## Your instructions
The listing below should be printed exactly, every line of it. Skip the pictures.

## Provided material
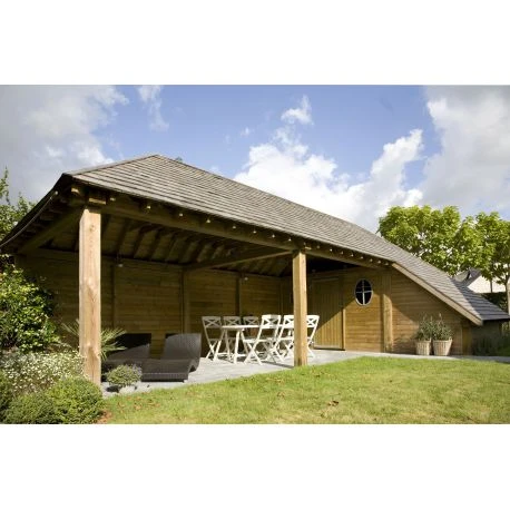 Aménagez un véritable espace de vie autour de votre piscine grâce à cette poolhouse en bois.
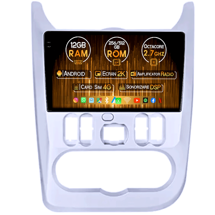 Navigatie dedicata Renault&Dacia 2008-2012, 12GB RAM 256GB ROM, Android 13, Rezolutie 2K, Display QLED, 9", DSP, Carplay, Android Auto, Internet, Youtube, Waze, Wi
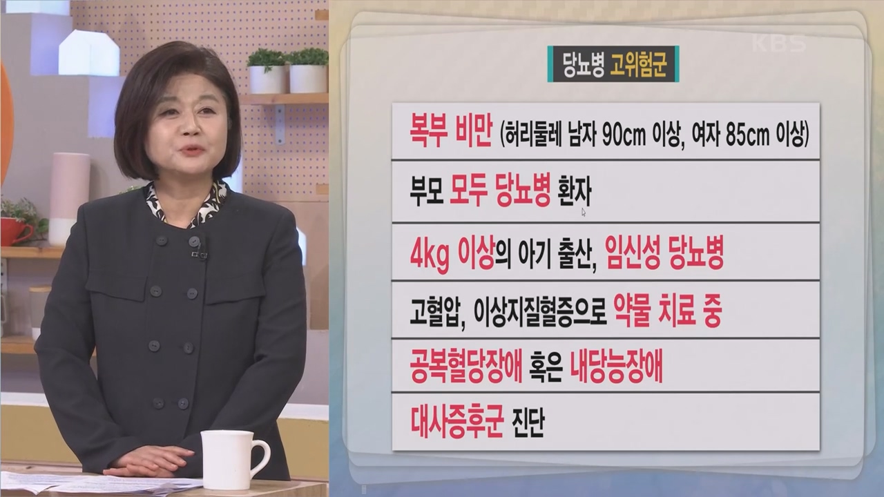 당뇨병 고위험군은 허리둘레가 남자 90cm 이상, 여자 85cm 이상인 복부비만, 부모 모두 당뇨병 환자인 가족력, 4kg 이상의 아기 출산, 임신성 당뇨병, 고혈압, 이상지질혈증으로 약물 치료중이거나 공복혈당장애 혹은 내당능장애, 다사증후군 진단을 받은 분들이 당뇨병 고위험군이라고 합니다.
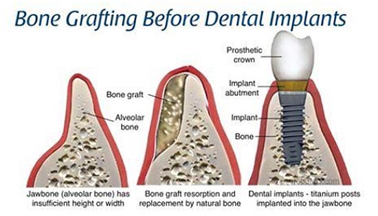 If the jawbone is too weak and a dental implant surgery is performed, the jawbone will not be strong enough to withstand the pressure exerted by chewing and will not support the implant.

## Answer to the exercise
 Aménagez un véritable espace de vie autour de votre piscine grâce à cette poolhouse en bois.
 Navigatie dedicata Renault&Dacia 2008-2012, 12GB RAM 256GB ROM, Android 13, Rezolutie 2K, Display QLED, 9", DSP, Carplay, Android Auto, Internet, Youtube, Waze, Wi
 당뇨병 고위험군은 허리둘레가 남자 90cm 이상, 여자 85cm 이상인 복부비만, 부모 모두 당뇨병 환자인 가족력, 4kg 이상의 아기 출산, 임신성 당뇨병, 고혈압, 이상지질혈증으로 약물 치료중이거나 공복혈당장애 혹은 내당능장애, 다사증후군 진단을 받은 분들이 당뇨병 고위험군이라고 합니다.
 If the jawbone is too weak and a dental implant surgery is performed, the jawbone will not be strong enough to withstand the pressure exerted by chewing and will not support the implant.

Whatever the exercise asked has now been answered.